So his year-end getaway to a small French village is fitting for the passive rock star. It’s at least his second trip to the region during the past 12 months, and the first one turned out quite nicely for he and his mates. This return trip made sense.

* * *

Hey Venus!, the Super Furry Animals’ new and eighth studio album, is a pop onslaught. The most forward release of the band’s decade-plus career, it barrels through 11 songs in slightly more than a half-hour. It’s a step back toward the streamlined from their past two records, Love Kraft and Phantom Power, which clock in at about an hour apiece. Even 2000’s Mwng, reportedly the largest-selling album sung entirely in their native Welsh language, almost doubled the length of the band’s current output.

If Hey Venus! is not the SFA’s best work, it’s not far off. Without losing any of the swirling trickery from those lengthier recordings, it reigns in the studio playtime and roots itself entirely in the glorious melodies that the band has utilized here and there for years. In doing so, the 5-piece sounds thicker than ever. Instead of relying on fuzzy structures and out-of-the-blue arrangements, the band opted for its most traditionally Brit-pop take on psychedelia. Although grouped with other festival regulars from the mid-’90s wave of Pulp, Blur and the like, the Super Furry Animals always have been an association more of geography than fidelity. Not anymore. Hey Venus! is rock in the spirit of Different Class and Parklife.

“We wanted to record things we could play as a band. This definitely is more of a pop record, and there was not a lot of room for experimenting,” Pryce said. “Plus, we were locked in a bit, we had nothing to do but play [while recording]. There were fewer distractions.” That is, if taking up residency in a studio/vineyard in the south of France isn’t a distraction. Because that’s exactly what the Super Furry Animals did in early 2007 while laying down the tracks for this Rough Trade debut. Nestled in the heart of wine country, Studio Miraval was the birthplace of The Cure’s Kiss me Kiss me Kiss me and The Cranberries’ Bury The Hatchet.

And much like another Miraval powerhouse, Pink Floyd’s The Wall, the tracks on Hey Venus! run together conceptually, a feat in itself given the brevity of the record. Yet the struggle of tying together an 11-song tale for today’s iTunes-savvy consumers wasn’t lost on the Welsh songwriters. “[Downloading single songs] fucks it up; you lose a bit of the concept — even if a record is a loose concept that you don’t even notice until afterward,” said Pryce. “I’m torn when it comes to downloading. I still buy albums on vinyl and like the album art and even the dodgy tracks. In the past, we had one or two songs with lots of experimentation and noise that fit in somewhere during 50 minutes of listening that might not work on their own. You might never hear those if you just look for one song.”

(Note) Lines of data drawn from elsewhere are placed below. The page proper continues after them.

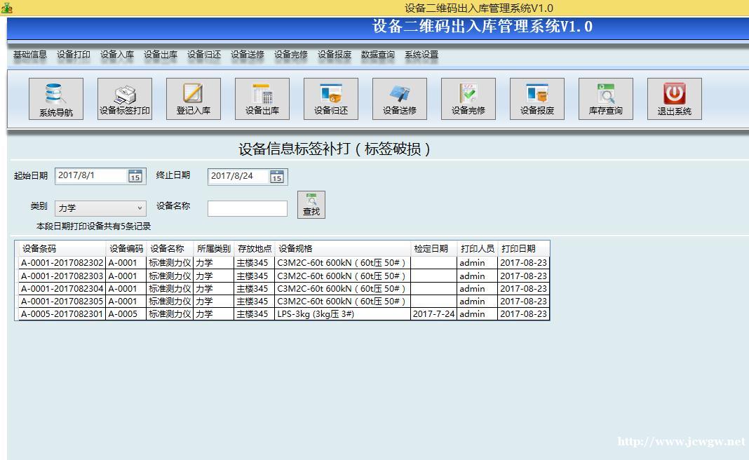 标签补打(因为破损丢失,输入类别、名称后找到相应的信息,点击右键打印),如图示:
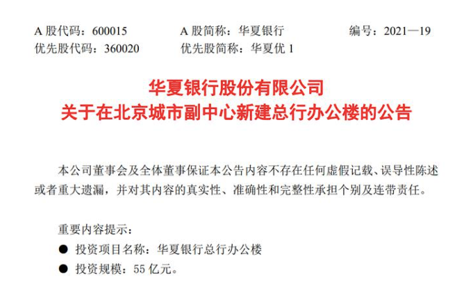 2021年4月,华夏银行曾对外公告,“公司拟在城市副中心购地建楼,建设总行办公楼,以更好地贯彻落实国家京津冀协同发展战略,支持北京‘四个中心’建设和城市副中心发展。”
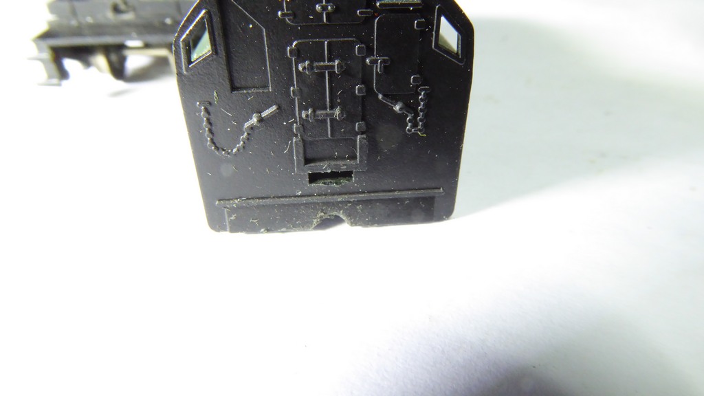 And the hole in the base of the tender body needs to be widened to match. Extra nicks will be required if you drilled a couple of smaller holes on either side of the chassis. |

But the Furries never have been a band to avoid reinvention, and tackling the evolution of music distribution and the supposed elimination of concept records was just next in line. The January issuing of Hey Venus! will be the album’s third official release. Last June, the record was offered exclusively for download and then again on vinyl. Holding the CD version to correspond with the American tour was the brainchild of Rough Trade. After a year that saw Radiohead help redefine music sales to the tune of free downloads in October 2007 followed by in-store copies last month, the Super Furry Animals hope that their album’s physical release will be met with the same enthusiastic spirit as was In Rainbows.

* * *

Back in Wales, Pryce is preparing to embark on his band’s first U.S. tour in quite some time. With his recent vacation now a memory, the musician is again constructing his time like a jigsaw puzzle. Today, he has been up since 4 a.m. and already made the 3-hour trip to the U.S. Embassy to garner a work visa for his band’s upcoming trek to the States. Fitting in the pre-tour preparations, he’s fully engulfed in the frantic pace that his France trip was meant to avoid. But it’s nothing new in the life of a Super Furry Animal.

“The reason we give ourselves such tight restrictions to do things is that we rarely have a lot of free time,” Pryce said of his band’s recording and tour schedules. “So we do what we can, when we can.” The band’s cluttered schedules also means recording when they can, such as slotting in three weeks at Miraval a bit before they were ready. It’s this in-the-moment nature that has kept the Super Furry Animals in the forefront of British music since the band’s formation in 1993. It’s their knack for combining the freshness of whatever their current project is with an understanding of music’s history — something Pryce says the band was working towards doing even further, such as combining the culture of 1960s A- and B-sides with today’s internet market.

“I will also love full-lengths,” said Pryce. “But in a way, today’s society is liberating. Instead of releasing 12 songs once in a year, you can go to a studio and record a song in a day and get your record label to sell it immediately on the Web that night without having to wait for packaging. And you can do that once a month for the entire year. It’s the same amount of material, just packaged differently.”

Pryce didn’t imply that the Furries had any such plans, nor does his group’s track record hint that it might go the way of Irish power-poppers Ash, who said their 2007 LP would be the last in exchange only for singles in the future. But the Welsh ensemble never has been one for conformity, and after the promotional push for Hey Venus! the Furries certainly will need to find some time — and a place — to dream it all up again. And when they do, the south of France will be nice that time of year.